S7: Generate a data interaction specification form.

2. A method for data source classification, tracing and recommendation of clinical research data according to claim 1, characterized in that: in step S203, the unstructured metadata is structured into an architecture with patient ID, consultation ID, record time, source data name, text content, additional field name and additional field result; other content stored in the hospital data system is retrieved to be linked and sent to the additional field result, and metadata corresponding to the additional content is added to the additional field name to describe the result.

3. According to claim 1, a method for data source classification, tracing and recommendation of clinical research data is characterized in that: in step S203, the structured metadata is structured into the following architecture: patient ID, consultation ID, record time, source data name, specified data field name, specified field result, additional field name, additional field result; for structured data fields, common data fields are used as specified fields, and additional fields cover other data stored in the hospital data system.

4. A method for data source classification, tracing and recommendation of clinical research data according to claim 1, characterized in that: in step S5, each research question in the case report form is traversed, and the N text segments in the sample library that are most relevant to the research question and the data sources corresponding to the text segments are matched using the technology of S202; then the frequency of occurrence of each data source is counted and sorted in descending order according to the frequency, and the top three data sources with the highest evaluation rate are retained as the recommended data sources for the research question;

The research question is the research field in the case report form.
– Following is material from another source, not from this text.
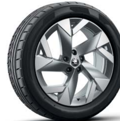
19-дюймові легкосплавні диски Tirsuli Aero, антрацит*
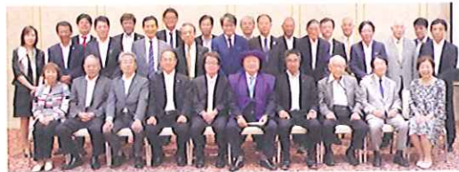
古稀を迎えられた辻村会友を囲んで

5. A method for data source classification, tracing and recommendation for clinical research data according to claim 4, characterized in that: N is a custom value.

6. A method for data source classification, tracing and recommendation for clinical research data according to claim 4, characterized in that the value of N is 10.

7. A method for classifying, tracing and recommending data sources for clinical research data according to claim 1, characterized in that: in step S6, a manual review module is provided, and the manual review module is used to review and select the data source related to each research question in the case report form.

8. A method for data source classification, tracing and recommendation of clinical research data according to claim 1, characterized in that: in step S7, the result form in S302 is updated using the data source after manual review in S6 as the final data interaction standard form.

9. A method for data source classification, tracing and recommendation of clinical research data according to claim 1, characterized in that: in step S4, the data mapping document in S302 is desensitized to obtain anonymized sample source data after desensitization.

10. A method for data source classification, tracing and recommendation of clinical research data according to claim 1, characterized in that each metadata has a corresponding data field structure.